**Work task**
Given the entries below, would you transcribe exactly the lines starting at the one with "2 szobás (nappali+amerikai" and ending at the one with "這款鞋子是AAAAA 1:1 質量(非常棒).", both kept, pictures omitted, nothing extra?

**Information**

----

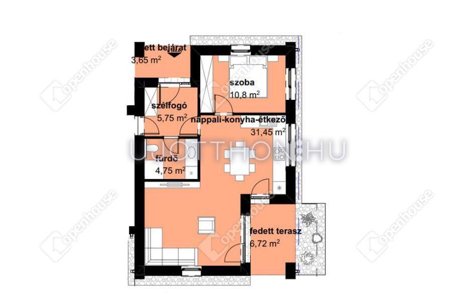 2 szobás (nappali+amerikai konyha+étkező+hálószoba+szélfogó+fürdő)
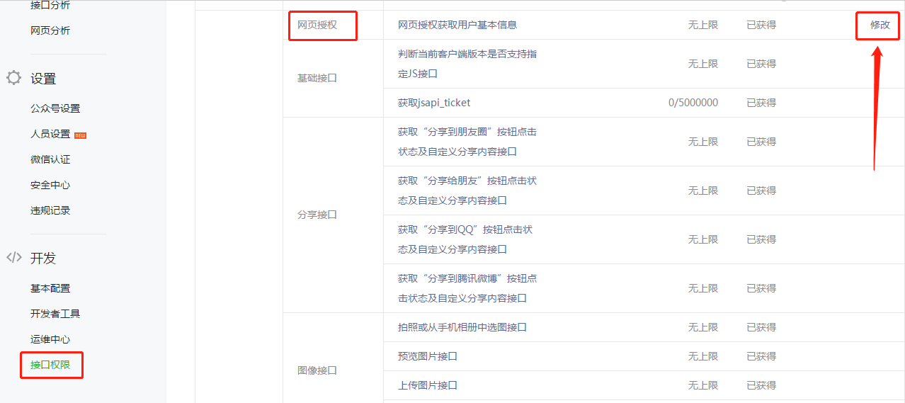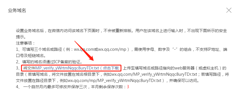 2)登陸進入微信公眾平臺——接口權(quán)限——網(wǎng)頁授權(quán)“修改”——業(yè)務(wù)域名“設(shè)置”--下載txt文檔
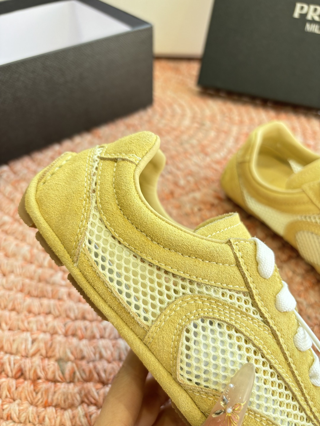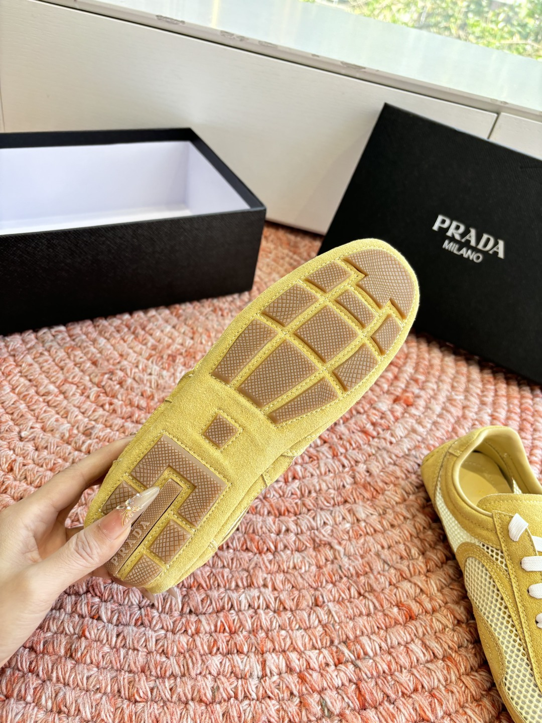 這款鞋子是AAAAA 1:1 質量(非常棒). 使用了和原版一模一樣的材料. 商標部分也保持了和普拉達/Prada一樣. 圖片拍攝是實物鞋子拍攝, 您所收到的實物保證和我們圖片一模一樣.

----

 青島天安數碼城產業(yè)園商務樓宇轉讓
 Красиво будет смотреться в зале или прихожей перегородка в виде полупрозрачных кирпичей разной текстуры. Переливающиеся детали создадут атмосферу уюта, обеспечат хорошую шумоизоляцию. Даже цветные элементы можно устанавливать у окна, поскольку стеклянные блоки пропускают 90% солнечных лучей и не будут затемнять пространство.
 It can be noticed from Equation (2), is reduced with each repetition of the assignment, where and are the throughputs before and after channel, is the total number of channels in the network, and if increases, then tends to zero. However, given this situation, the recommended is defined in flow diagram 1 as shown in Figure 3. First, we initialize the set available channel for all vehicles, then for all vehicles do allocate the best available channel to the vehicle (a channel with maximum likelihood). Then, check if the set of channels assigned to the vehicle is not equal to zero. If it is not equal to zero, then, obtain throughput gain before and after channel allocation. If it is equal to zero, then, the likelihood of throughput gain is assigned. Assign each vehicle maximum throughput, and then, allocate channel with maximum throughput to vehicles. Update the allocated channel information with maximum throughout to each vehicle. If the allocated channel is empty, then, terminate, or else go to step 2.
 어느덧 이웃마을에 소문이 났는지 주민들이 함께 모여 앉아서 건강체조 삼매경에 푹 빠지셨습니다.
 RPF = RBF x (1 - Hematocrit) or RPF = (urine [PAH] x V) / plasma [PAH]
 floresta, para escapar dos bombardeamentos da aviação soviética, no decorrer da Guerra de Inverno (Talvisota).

----

**Exercise solution**
 2 szobás (nappali+amerikai konyha+étkező+hálószoba+szélfogó+fürdő)
 2)登陸進入微信公眾平臺——接口權(quán)限——網(wǎng)頁授權(quán)“修改”——業(yè)務(wù)域名“設(shè)置”--下載txt文檔
 這款鞋子是AAAAA 1:1 質量(非常棒). 使用了和原版一模一樣的材料. 商標部分也保持了和普拉達/Prada一樣. 圖片拍攝是實物鞋子拍攝, 您所收到的實物保證和我們圖片一模一樣.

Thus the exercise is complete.